> _DATA SEGMENT_
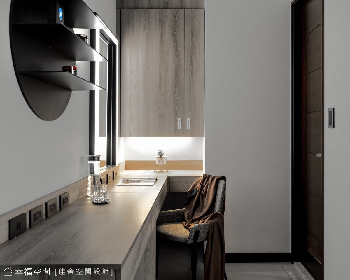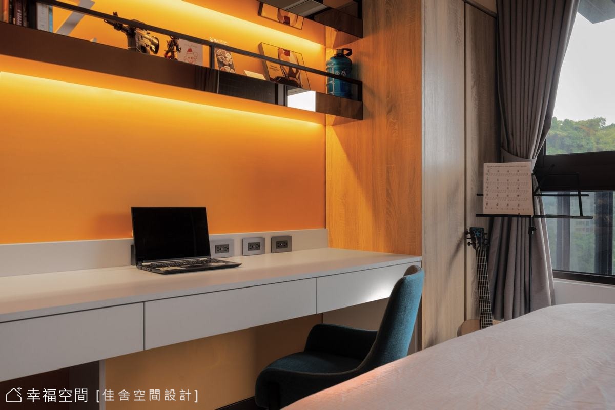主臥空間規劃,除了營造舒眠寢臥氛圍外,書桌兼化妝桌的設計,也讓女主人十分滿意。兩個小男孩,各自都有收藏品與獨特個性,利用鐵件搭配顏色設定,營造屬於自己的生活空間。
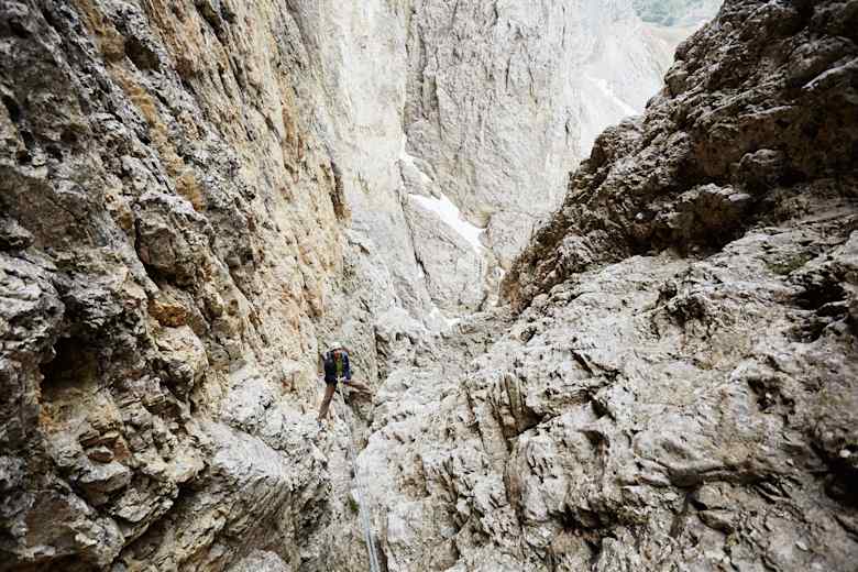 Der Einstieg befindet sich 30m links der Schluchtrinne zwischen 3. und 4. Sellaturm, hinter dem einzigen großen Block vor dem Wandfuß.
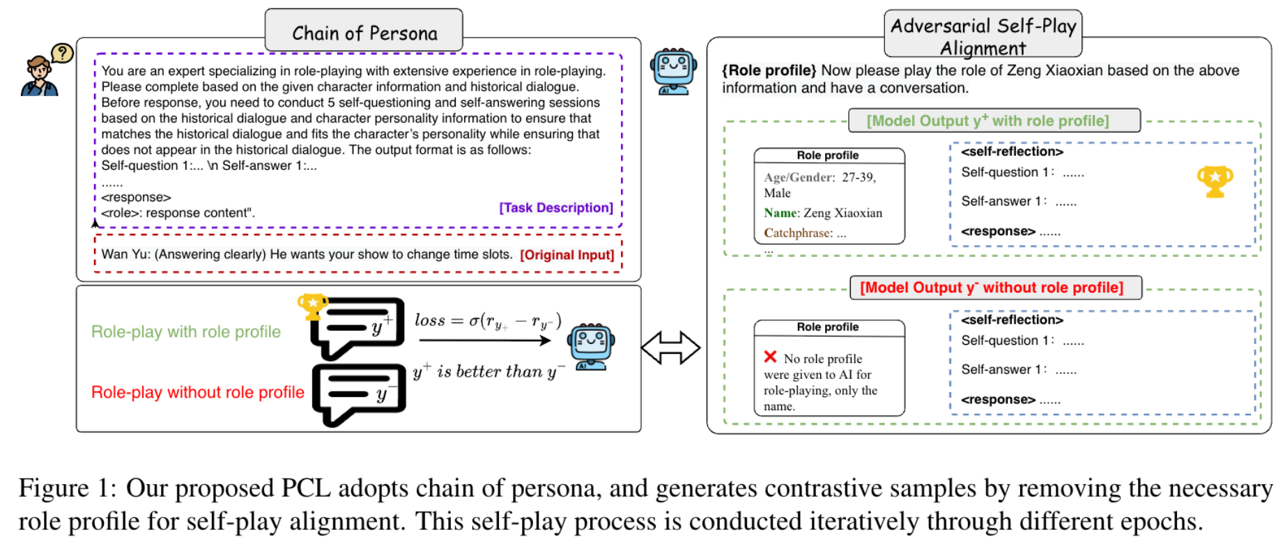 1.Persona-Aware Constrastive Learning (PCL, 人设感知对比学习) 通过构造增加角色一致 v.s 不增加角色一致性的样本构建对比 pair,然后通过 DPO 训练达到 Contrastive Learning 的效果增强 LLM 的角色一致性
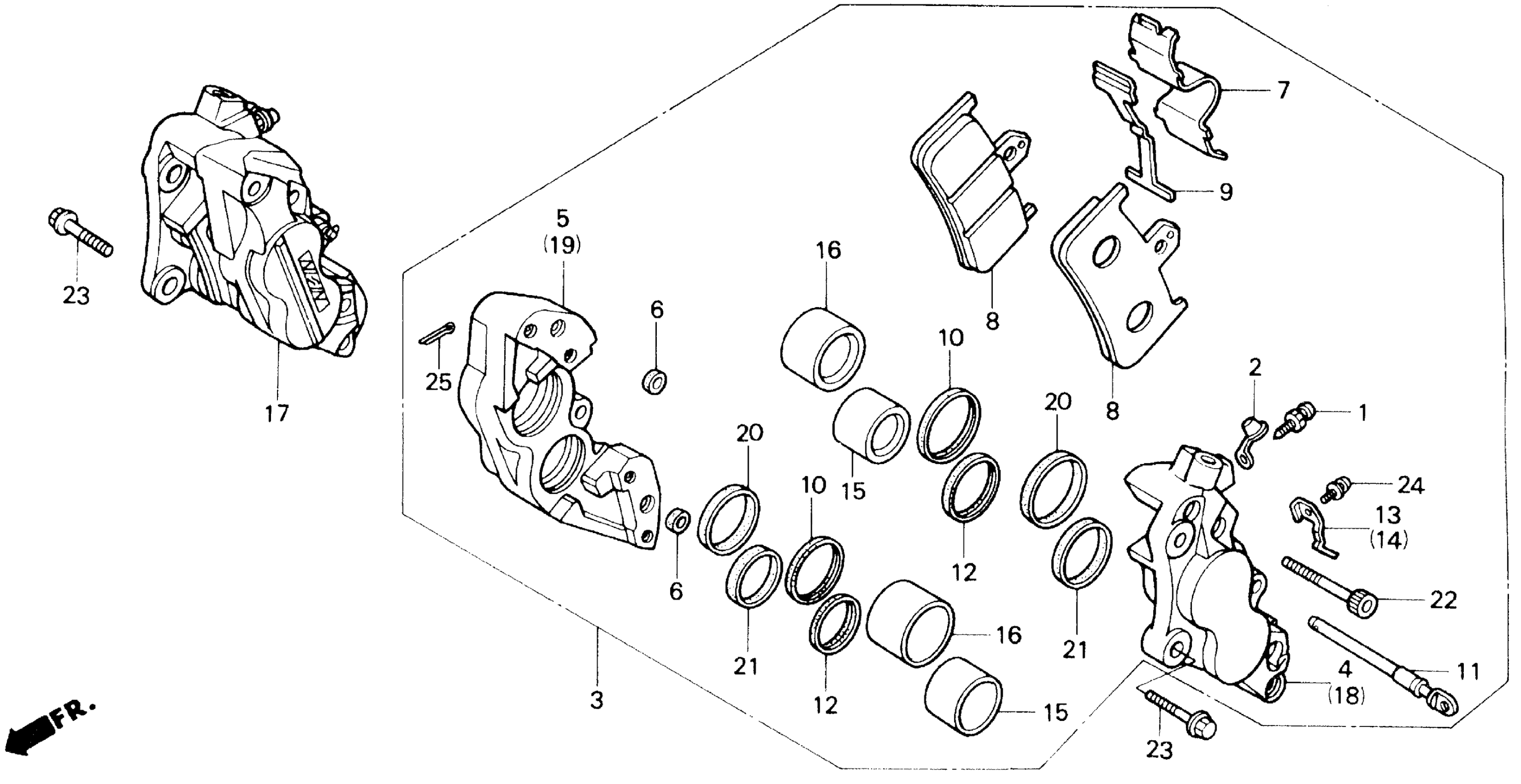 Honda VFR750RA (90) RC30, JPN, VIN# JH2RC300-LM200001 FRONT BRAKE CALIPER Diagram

> _WHAT THE EXERCISE ASKS_
If a picture falls within the span, leave it out, and reproduce exactly the lines from the one containing "1.Persona-Aware Constrastive Learning" through the end of the material, and no others.

> _EXPECTED ANSWER_
 1.Persona-Aware Constrastive Learning (PCL, 人设感知对比学习) 通过构造增加角色一致 v.s 不增加角色一致性的样本构建对比 pair,然后通过 DPO 训练达到 Contrastive Learning 的效果增强 LLM 的角色一致性
 Honda VFR750RA (90) RC30, JPN, VIN# JH2RC300-LM200001 FRONT BRAKE CALIPER Diagram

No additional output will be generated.